AIM OF THE EXERCISE:
Quote, word for word, only the lines running from the line with "1月25日,在位于罗布泊的一" through the end of the listing. Leave out the pictures.
Start of DATA SECTION
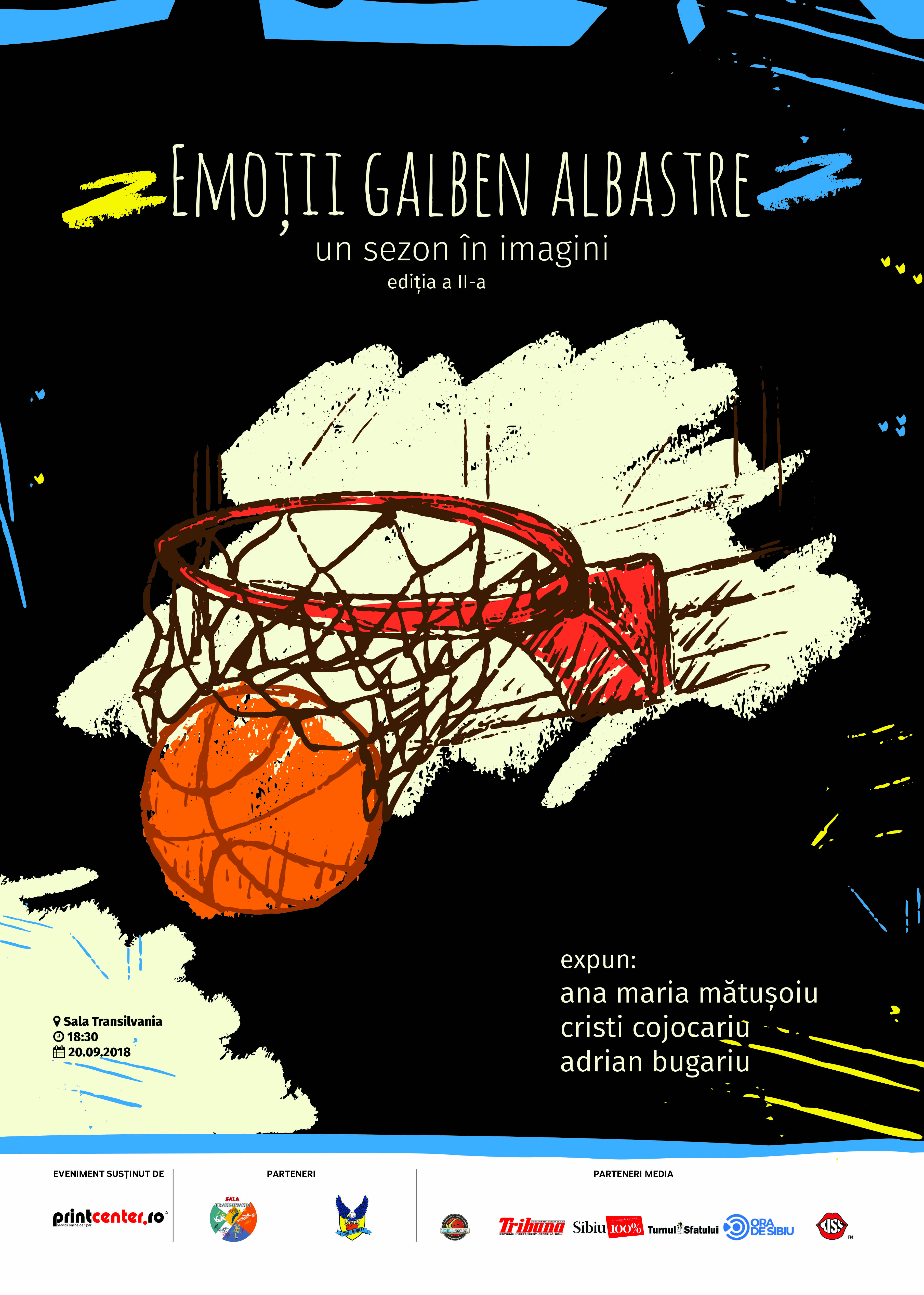 Expoziția de fotografie „Emoții galben-albastre” revine în Sala Transilvania odată cu primul meci de baschet din acest sezon al formației BC CSU Sibiu. Ana-Maria Mătușoiu, Adrian Bugariu și Cristian Cojocariu vă invită să descoperiți fotografiile surprinse de aceștia de-a lungul sezonului precedent, în ediția a doua a expoziției „Emoții galben-albastre”, ce cuprinde 31 de lucrări. Vernisajul expoziției va avea loc în data de 20 septembrie, în prima zi a Memorialului „Elemer Tordai”, în holul Sălii Transilvania, începând cu ora 18:30.
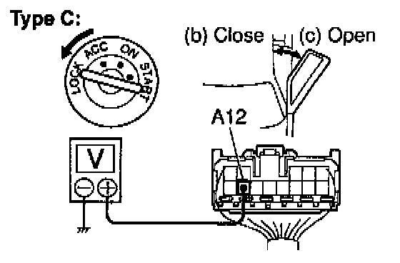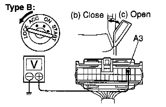 b. Close the door with ignition switch turned to LOCK or ACC, and check that the meter needle indicates battery positive voltage.
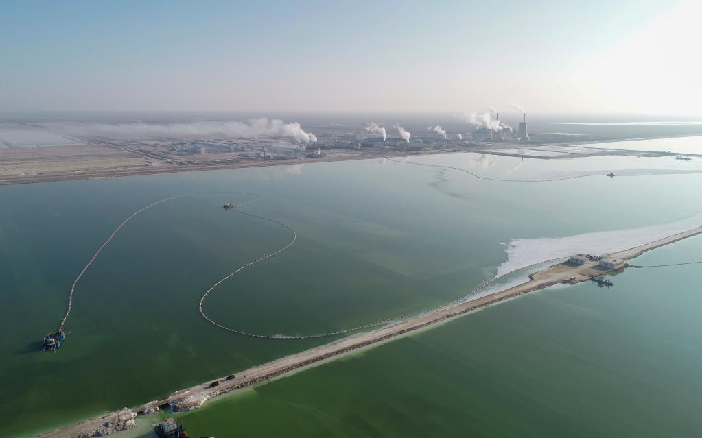 1月25日,在位于罗布泊的一片盐田中,国投新疆罗布泊钾盐有限责任公司的水采机拖拽着浮管宛若一条长长的“尾巴”。新华社记者关俏俏摄
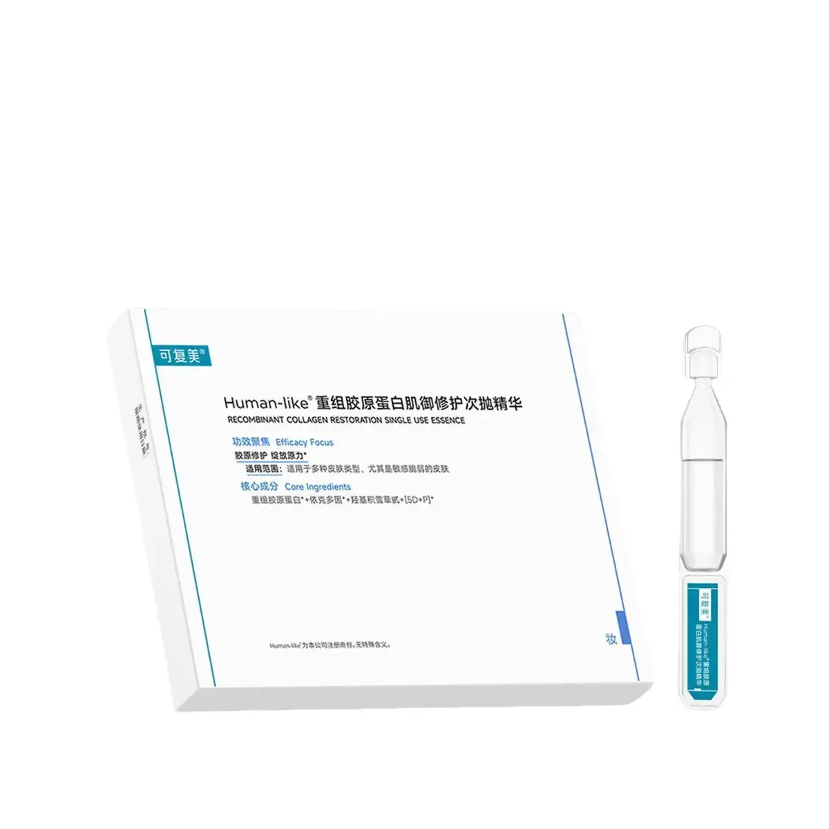 Discover the KOMFYMED Recombinant Collagen Restoration Single Use Essence! Each box contains 5 pcs of 1.5ml essence, perfect for travel. This hyaluronic acid serum is designed for sensitive skin, offering fresh, hygienic care. It aids in redness relief and skin barrier repair. Ideal for those seeking a convenient solution for their skincare needs.
End of DATA SECTION
TASK OUTPUT:
 1月25日,在位于罗布泊的一片盐田中,国投新疆罗布泊钾盐有限责任公司的水采机拖拽着浮管宛若一条长长的“尾巴”。新华社记者关俏俏摄
 Discover the KOMFYMED Recombinant Collagen Restoration Single Use Essence! Each box contains 5 pcs of 1.5ml essence, perfect for travel. This hyaluronic acid serum is designed for sensitive skin, offering fresh, hygienic care. It aids in redness relief and skin barrier repair. Ideal for those seeking a convenient solution for their skincare needs.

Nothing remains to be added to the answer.